Copy every line from the records that holds the word "shaped".
Dataset extract START
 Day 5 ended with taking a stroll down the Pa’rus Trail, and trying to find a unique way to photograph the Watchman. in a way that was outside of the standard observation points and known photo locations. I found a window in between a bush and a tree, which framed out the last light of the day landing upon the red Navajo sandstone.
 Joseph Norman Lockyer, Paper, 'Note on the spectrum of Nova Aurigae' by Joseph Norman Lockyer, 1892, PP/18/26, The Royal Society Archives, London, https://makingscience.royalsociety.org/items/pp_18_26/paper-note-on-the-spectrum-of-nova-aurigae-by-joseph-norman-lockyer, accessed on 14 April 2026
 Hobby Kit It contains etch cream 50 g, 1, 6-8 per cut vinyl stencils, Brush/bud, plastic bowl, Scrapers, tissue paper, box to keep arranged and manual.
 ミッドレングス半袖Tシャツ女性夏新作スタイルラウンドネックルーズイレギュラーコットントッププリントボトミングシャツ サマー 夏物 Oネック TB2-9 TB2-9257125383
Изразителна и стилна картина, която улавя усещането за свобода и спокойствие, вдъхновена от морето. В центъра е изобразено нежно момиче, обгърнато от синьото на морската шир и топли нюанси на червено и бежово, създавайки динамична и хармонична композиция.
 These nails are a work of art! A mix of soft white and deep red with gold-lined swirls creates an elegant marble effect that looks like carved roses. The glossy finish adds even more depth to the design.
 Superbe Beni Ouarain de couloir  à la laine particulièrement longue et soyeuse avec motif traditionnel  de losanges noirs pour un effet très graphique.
Dataset extract END
Dataset extract START
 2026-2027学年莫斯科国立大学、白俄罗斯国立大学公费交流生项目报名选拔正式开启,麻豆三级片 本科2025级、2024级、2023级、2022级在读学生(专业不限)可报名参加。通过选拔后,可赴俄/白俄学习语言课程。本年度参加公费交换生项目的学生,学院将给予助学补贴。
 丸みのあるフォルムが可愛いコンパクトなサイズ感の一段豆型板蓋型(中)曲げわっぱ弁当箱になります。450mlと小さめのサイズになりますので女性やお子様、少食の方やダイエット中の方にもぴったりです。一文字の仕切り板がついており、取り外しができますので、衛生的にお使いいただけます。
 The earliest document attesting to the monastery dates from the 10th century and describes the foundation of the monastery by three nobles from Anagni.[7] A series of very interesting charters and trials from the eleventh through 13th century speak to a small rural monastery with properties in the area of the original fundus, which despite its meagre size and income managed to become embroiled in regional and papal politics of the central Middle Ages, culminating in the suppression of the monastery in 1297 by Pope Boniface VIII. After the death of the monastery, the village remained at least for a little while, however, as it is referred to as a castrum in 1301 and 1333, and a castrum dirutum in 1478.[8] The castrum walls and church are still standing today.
Dataset extract END
Dataset extract START
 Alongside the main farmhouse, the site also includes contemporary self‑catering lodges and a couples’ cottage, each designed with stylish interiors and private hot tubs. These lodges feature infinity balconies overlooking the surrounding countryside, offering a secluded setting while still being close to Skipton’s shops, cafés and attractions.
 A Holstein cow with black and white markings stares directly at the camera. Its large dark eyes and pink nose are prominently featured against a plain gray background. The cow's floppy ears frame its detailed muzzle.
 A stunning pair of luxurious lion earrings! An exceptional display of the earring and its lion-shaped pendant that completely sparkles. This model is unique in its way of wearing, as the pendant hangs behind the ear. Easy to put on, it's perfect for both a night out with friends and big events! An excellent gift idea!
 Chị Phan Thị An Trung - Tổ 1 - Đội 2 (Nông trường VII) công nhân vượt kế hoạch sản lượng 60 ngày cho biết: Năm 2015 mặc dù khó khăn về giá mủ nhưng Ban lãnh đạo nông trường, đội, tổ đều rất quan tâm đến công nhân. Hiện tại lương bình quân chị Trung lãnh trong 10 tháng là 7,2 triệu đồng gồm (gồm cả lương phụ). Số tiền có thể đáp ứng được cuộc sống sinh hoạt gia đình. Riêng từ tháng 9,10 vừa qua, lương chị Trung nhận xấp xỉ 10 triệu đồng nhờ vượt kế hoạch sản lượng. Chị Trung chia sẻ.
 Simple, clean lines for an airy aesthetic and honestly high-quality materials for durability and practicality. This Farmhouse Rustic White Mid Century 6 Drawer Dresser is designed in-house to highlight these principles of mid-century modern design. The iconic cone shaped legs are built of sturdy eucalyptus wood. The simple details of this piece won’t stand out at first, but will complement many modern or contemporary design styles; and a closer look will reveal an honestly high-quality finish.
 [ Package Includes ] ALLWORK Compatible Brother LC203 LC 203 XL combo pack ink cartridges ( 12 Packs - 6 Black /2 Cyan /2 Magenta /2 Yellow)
Dataset extract END
Solution to this task:
 A stunning pair of luxurious lion earrings! An exceptional display of the earring and its lion-shaped pendant that completely sparkles. This model is unique in its way of wearing, as the pendant hangs behind the ear. Easy to put on, it's perfect for both a night out with friends and big events! An excellent gift idea!
 Simple, clean lines for an airy aesthetic and honestly high-quality materials for durability and practicality. This Farmhouse Rustic White Mid Century 6 Drawer Dresser is designed in-house to highlight these principles of mid-century modern design. The iconic cone shaped legs are built of sturdy eucalyptus wood. The simple details of this piece won’t stand out at first, but will complement many modern or contemporary design styles; and a closer look will reveal an honestly high-quality finish.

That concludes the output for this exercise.